Clinical practice guidelines recommend prompt correction of the INR as soon as possible in patients with warfarin-associated ICH.[3,4,8,9] Delays in administration of 4F-PCC for life-threatening bleeding have been recognized in several institutions, prompting review of hospital protocols. In a survey of United Kingdom (UK) stroke physicians, specific delays identified included time to hematology approval for 4F-PCC use, time to receive INR results, time to 4F-PCC delivery to the emergency department (ED), and time to infusion start.[10] Solutions implemented within one healthcare system, based on survey results, included expanding approval privileges to include stroke physicians, purchasing point-of-care INR devices for bedside results, and moving 4F-PCC to be stored in the ED.
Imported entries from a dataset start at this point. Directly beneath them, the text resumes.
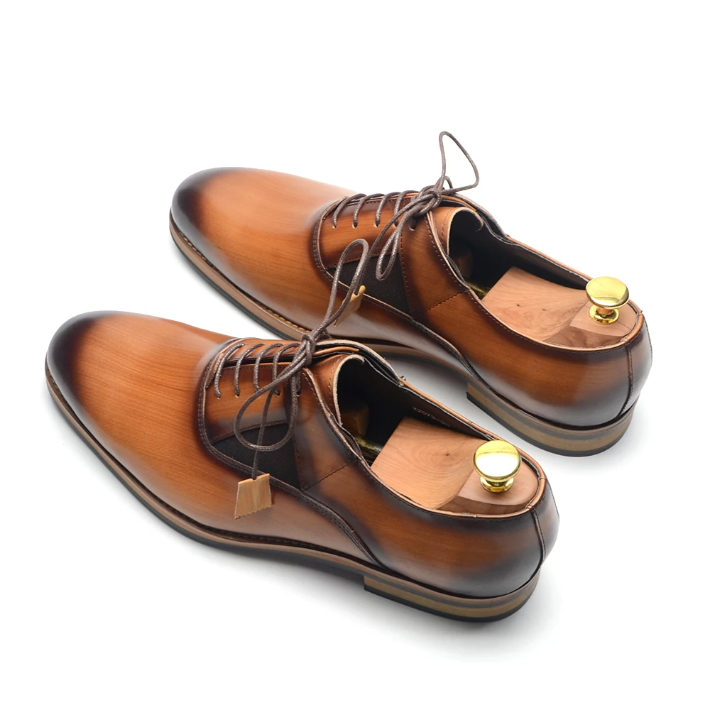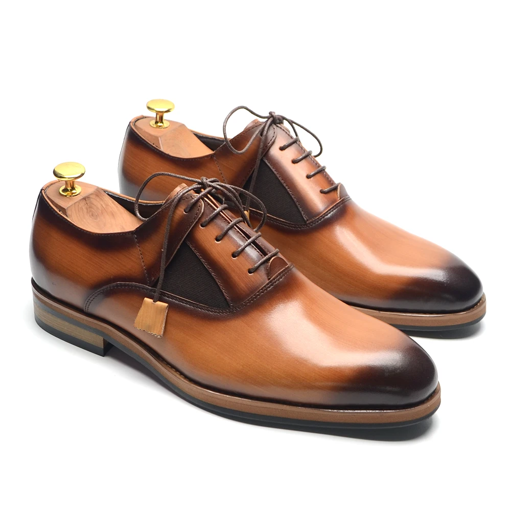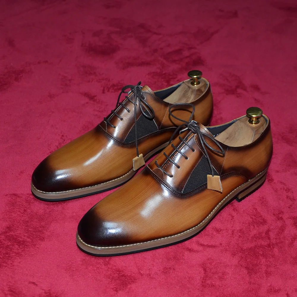 Italian Luxury Brand Original Cowhide Genuine Leather Men’s Oxford Dress Shoes Lace-up Plain Toe Handmade Wedding Business Shoes for Men
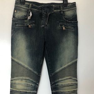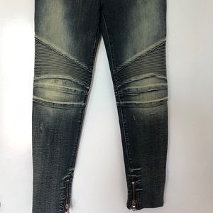 Crafted in Italy from blue, these Moto Skinny Jeans from Balmain feature a front button fastening, belt loops, side zipped pockets, rear pockets, zipped cuffs and ribbed knee panels.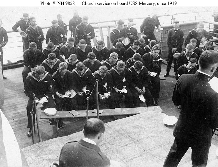 Church service held on board the ship, circa 1919.

A second UK hospital observed a large delay in 4F-PCC administration with a median time of approximately five hours from initial presentation and almost two hours after vitamin K administration.[11] Investigators also identified relocating 4F-PCC to the ED, incorporating point-of-care INR testing, and eliminating mandatory hematology consultations as future directions for reducing delays to administration. Bordeleau and colleagues evaluated administration delays of 4F-PCC prior to implementing a flowchart and new delivery process to improve communication between ED staff and the hospital blood bank.[12] Use of the flowchart decreased time to obtain the product from the blood bank, and reduced time to 4F-PCC administration by almost half.

At our institution, the 4F-PCC was initially stored in the blood bank. To obtain the agent, ED clinicians contacted the blood bank for approval, and then ordered it via handwritten, paper slips that were delivered to the blood bank by pneumatic tube. The product was then prepared and delivered to the clinical nurse for infusion. To optimize 4F-PCC management, a new system was implemented in 2016 that led to product storage in the ED automated-dispensing cabinet and a revised protocol involving pharmacists physically present in the ED. Clinicians requesting 4F-PCC for warfarin-associated ICH contacted the ED pharmacist for dosing, preparation, bedside delivery, and order entry into the electronic medical record (EMR). The use of 4F-PCC for indications other than warfarin-associated ICH required approval from the on-call hematologist.

The purpose of this study was to assess the impact of the pharmacist-driven protocol on time to 4F-PCC administration in the ED for patients presenting with warfarin-associated ICH.